2) i believed in the easter bunny for a very long time. i distinctly remember telling my friends, "well, i KNOW about santa but the easter bunny... i think he might be real." (in my defense, the easter bunny did write me some loooong letters!)
3) one year i asked my dad to take me to see santa. he handed me the keys and said, "you know where the mall is." i responded in my uber no-nonsense way - "but i'm too small to see over the steering wheel!"
4) i believed my mom and her youngest sister were witches. i believed my aunt could fly. i believed they taught me the first steps in learning how to fly. i believed one day i would be able to fly too. (this backfired because we lived in "the south" aka biblethumper land at the time. the baptists didn't get it and the neighborhood kids were afraid to come to our house for a long time after that episode.)
5) i sincerely and truly believed that if i swallowed cherry pits, a tree would grow out of my belly button.
6) i sincerely believed that if you poked my belly button just right, i would go flying around the room like a balloon when you let the air out of it.
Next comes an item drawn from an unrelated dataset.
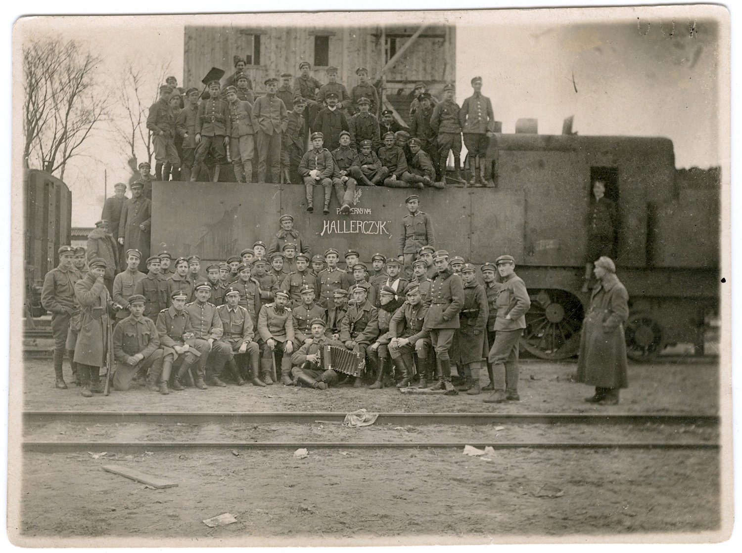 Nazwa: załoga pociągu pancernego "Hallerczyk", data: ok. 1919, miejsce: , typ obiektu: , wymiary8,4 x 11,3, opis: Grupa Hallerczyków pozująca przy parowozie pociągu pancernego. Żołnierze w charakterystycznych mundurach legionowych. Na pancerzu parowozu emblemat orła i napis: " PANCERNY No4/ HALLERCZYK" W tle zabudowania dworca.

and finally, not a childhood story (carpetblogger reminded me of this) -
7) i have always been confused by math. i'm much better at hungarian than i am at math. i think people who get it are probably aliens from some crazy planet where people do math for fun (gasp!). hence, it should come as no surprise i failed university algebra for idiots. twice. the silly part - i never told my parents. NEVER. (unless i get lucky and they aren't reading my blog.). the first time, i figured i'd just been lazy. the second time... i realized i just didn't get it. my parents very kindly paid my tuition so after the second complete failure, i paid out of my own pocket to take a night class at the community college so i could pass my school's math requirement.
there you go.
i'd tag helen in beirut but since she hasn't actually started writing in the blog she says she set up, i'm only going to tag alison (whose name i spelled correctly this time!).